17-year-old Aden (not his real name) was among a group of children abducted or lured into the militant Al Shabaab group which, last year, attacked a coastal town in Puntland.

His uncle tricked him into joining the group by pretending they were going out to dinner but then taking him to an Al Shabaab military base.

“The militia men were masked. I was so scared. One of the fighters told me to calm down and feel relaxed. He told me, we are like your brothers and you are here to defend your country.”

Aden and several other boys were then trained on how to use a gun and a few days later, were told that they had to go with the Al-Shabaab fighters by boat to Puntland in north east Somalia where Al-Shabaab launched an attack.

Aden was instructed to carry food and water to the Al-Shabaab fighters. After a night of fighting some of the Al Shabab fighters escaped, while others, including the boys were captured. The Somali security forces overcame the militants, and among those captured was a group of 66 boys under the age of 18. 

UNICEF Somalia/2017/Coursin
© UNICEF Somalia/2017/Coursin
Students living at a UNICEF-supported rehabilitation center for child soldiers play football together during class break in Garowe, Somalia.

The authorities allowed the boys under the age of 15 to be transferred to a UNICEF Centre in Mogadishu but Aden was among the 40 older boys sentenced to between 10 - 20 years imprisonment.
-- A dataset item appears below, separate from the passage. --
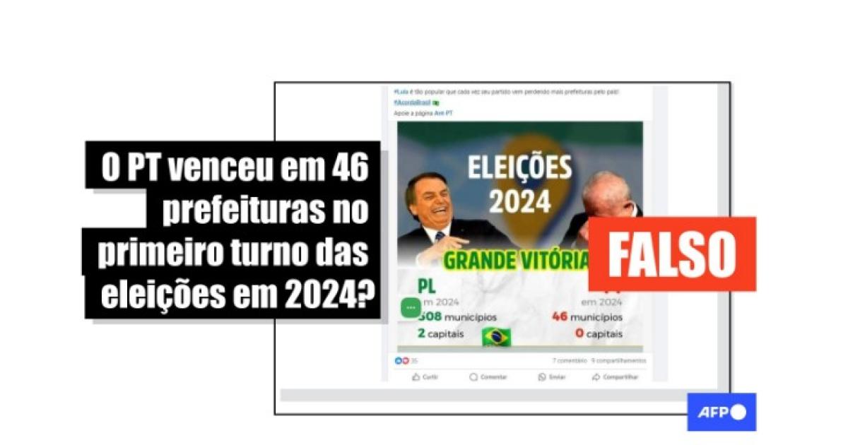 Na imagem viral, informa-se que o PL obteve vitória em 508 municípios no primeiro turno das eleições de 2024, sendo em duas capitais, enquanto o PT teria vencido em 46 municípios e em nenhuma capital do país.

Following intense advocacy from the UN and international community the boys were transferred to a new UNICEF supported rehabilitation centre in Garowe although their prison sentences remain and their legal status is unclear.
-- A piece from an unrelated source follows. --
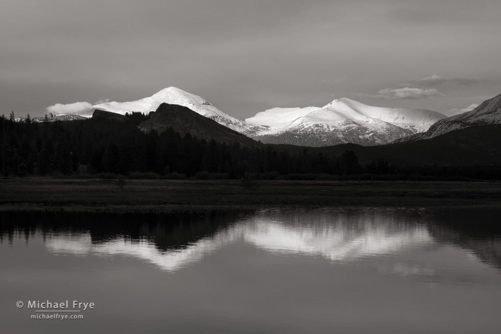 Mt. Dana and Mt. Gibbs reflected in a snowmelt pond, Tuolumne Meadows, 7:19 p.m. (after the snow squall)
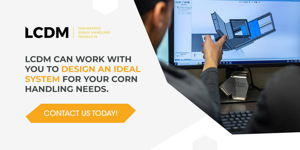 With a custom grain handling system, you can make sure you have the equipment and storage facility you need to extend the life of your corn crop and get the most from your yields. LCDM can work with you to design the system that’s just right for your corn handling needs. Contact us today to get started.

“I was so scared when I was taken to prison,” says Aden. “Now I am at the centre and I get food, shelter and an education and I also get to speak to my mother and father every day.”

Aden says that when he first spoke to his mother she could not speak and sobbed on the phone as she was so overwhelmed that her son was still alive.

At the centre, the boys are receiving psycho-social support in order to overcome their ordeal.

“At first, many of the boys, including Aden, did not talk much or interact,” says Mohamoud Ali Yusuf, UNICEF Child Protection Specialist in Puntland. “But they have readjusted and are interacting with each other. All of them are determined to study and return home.”

“I am safe here and I am learning so much,” says Aden. “But when I get home, I am going to study hard and then I want to become a business man and create opportunities for young people.”